Dock Lines

Building a sense of community around boating

Most boaters regard their boats as a welcome escape from everyday lives, sanctuaries from the extreme partisanship and anger swirling around us. Many of us have also created networks of close friends centered on our boats and marinas.

But what happens when those networks start to fragment and that once-strong sense of community suddenly seems fragile?

If your marina is anything like mine, there’s been enormous turnover this year, as people move in and out of boating, buy larger or smaller boats requiring new slips or relocate far away. For me that’s meant the loss of several dockside neighbors whose friendships I’d come to rely on.

That’s led me to ponder how to rebuild a much-cherished sense of community in an increasingly transient and unsettled world and to ask: what are good ways to meet new people and develop fresh relationships?

Stop and talk to newcomers. Most boaters, whatever boat they own, are usually happy to talk about their boat, their cruising experiences, their fishing successes and failures and maintenance and repair projects and upgrades. Arv and I enjoy building camaraderie over sea stories and drinks on our boat or nearby restaurants.

Be neighborly. If you see someone approaching their slip in clear need of help with lines, offer a hand. When we first brought our current boat, with its high freeboard, into our marina we wondered how we’d manage to secure our lines.
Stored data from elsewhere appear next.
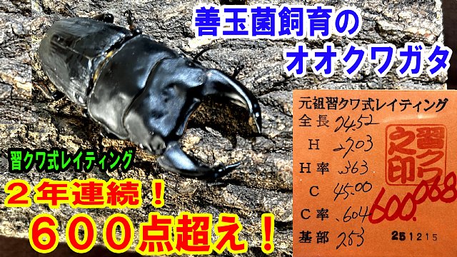 | ●昨年:2025年:習クワ式レイティングで、 善玉菌:アナカス/善玉君:昆虫用スーパーリキッド飼育の国産オオクワガタが、 昨年に引き続き高い、2年連続で評価点:600点超えを達成しました。 「極太系」の結果をご紹介いたします。 詳細は、◎習クワブログ:https://ameblo.jp/nara-kuwa/entry-12950180787.html で解説されています。 ●個体は、全て(知人のブリーダに善玉菌の提供とバクテリア飼育をアドバイスをし)善玉菌飼育です。 3年連続で、素晴らしい個体が誕生しました。600点超え:歴代最高レベルの得点です。 ●種親の飼育/交配/幼虫飼育:菌糸瓶;広葉樹マットにアナカスで加水し:幼虫〜さなぎ〜羽化〜成虫へと飼育しました。 ●羽化した成虫は善玉君:昆虫用スーパーリキッドで飼育しました。善玉菌で飼育容器内に自然界を実現しました。 *詳細は、下記のYouTube動画をご覧ください。 |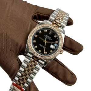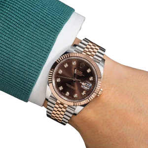 Rolex Datejust 41MM 126331 Chocolate Diamond Dial Fluted Bezel Two Tone Rose Gold Jubilee Bracelet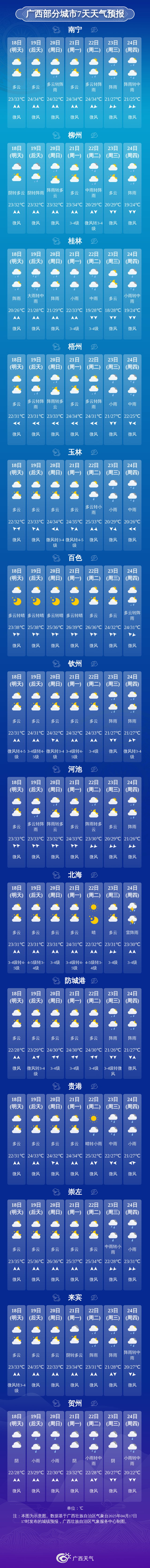 今天晚上到明天白天,河池、柳州、桂林等市部分地区多云到阴天有阵雨或雷雨、局地中到大雨,其它地区多云到晴。南宁市:今天晚上到明天白天,多云、局地有阵雨,偏南风2~3级,最低气温23℃,最高气温33℃。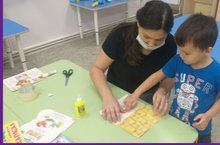 Русская культура не мыслит без народных художественных промыслов. Городецкая роспись — гордость русских народных промыслов. Эти чудесные орнаменты не спутаешь с другими. Краски здесь яркие и сочные, прекрасные цветы с резными листьями, изящные птицы и лошадки словно перенеслись со страниц сказок. Сегодня в подготовительной группе Жемчужинки прошло увлекательное занятие по декоративному рисованию. Ознакомившись с характерными особенностями Городецкой росписи и ее мотивами, и превратившись в умелых мастеров по украшению посуды, дети с удовольствием взялись за роспись разделочной доски. И у них это отлично получилось.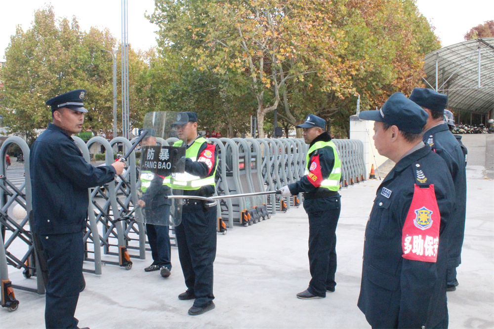 演练前,专业人员针对校园安保器械的使用、防暴队形及防控动作进行讲解,随后,防暴演练拉开帷幕。模拟场景为一名“歹徒”在学校门口假以伤人为名,突然拨刀强行闯入校园,对保安人员进行追打。安保人员立即启动校园反恐防暴应急预案,迅速作出反应,紧急拨打报警电话,迅速持防暴盾牌、钢叉、长警棍与“歹徒”进行牵制。演练过程中,保安人员严格按照预案要求,迅速、有效地完成了各项任务,成功将“歹徒”制服,确保了校园安全。

Fortunately, neighbors saw our dilemma and volunteered to help. They later became special friends.

When it comes to maintenance and repair issues, be willing to assist fellow boaters by sharing recommendations of reputable, competent mechanics, boating supply sources and other specialized vendors, along with warnings about bad actors and incompetent crooks. Sometimes the timely loan (and return) of a suddenly-needed tool can make all the difference to cementing a friendship.

Another great way to bond with people is through their dogs. While most of our dockmates met our cats only through our pilothouse windows, our neighbors regularly walk their dogs. Chatting with them about their charming and sometimes silly dogs is a wonderful icebreaker. I’ve made many good friends through our mutual love of animals.

Children and grandchildren also are terrific “connectors,” stimulating easy conversations over kids’ interests, activities and antics.

Many marinas throw periodic parties, barbecues, mixers and other meeting opportunities. Chula Vista Marina, in San Diego’s South Bay, takes their community-building several steps further.

Aware that many of Chula Vista Marina’s tenants are newbie boaters or new arrivals to the area, Dockmaster Mike Sullivan places a premium on helping slip holders build skills, scheduling twice weekly classes and workshops on diverse subjects including boating safety, navigation and charts, celestial navigation, knots, weather, long-range cruising and maintenance and repairs.

In the summer season Chula Vista stages monthly social events and parties, often with bands, and on the Fourth of July a parade with children’s activities.

If your marina doesn’t offer parties or mixers, consider starting a hospitality committee and organizing potlucks, weekend coffee and doughnut gatherings or other social events to get to know fellow boaters. If a marina-wide potluck isn’t workable, try recruiting your neighbors for a get-together along your dock. But respect that some boaters use their vessel as a refuge from life’s stresses and prefer not to socialize.

Many boaters have wide cruising experience and sea stories they’re happy to share with others. Try arranging occasional presentations where boaters can share tales of their marine adventures with fellow marina tenants.

With a little creativity and willingness to initiate and organize activities, we can all build or rebuild our boating community’s sense of togetherness.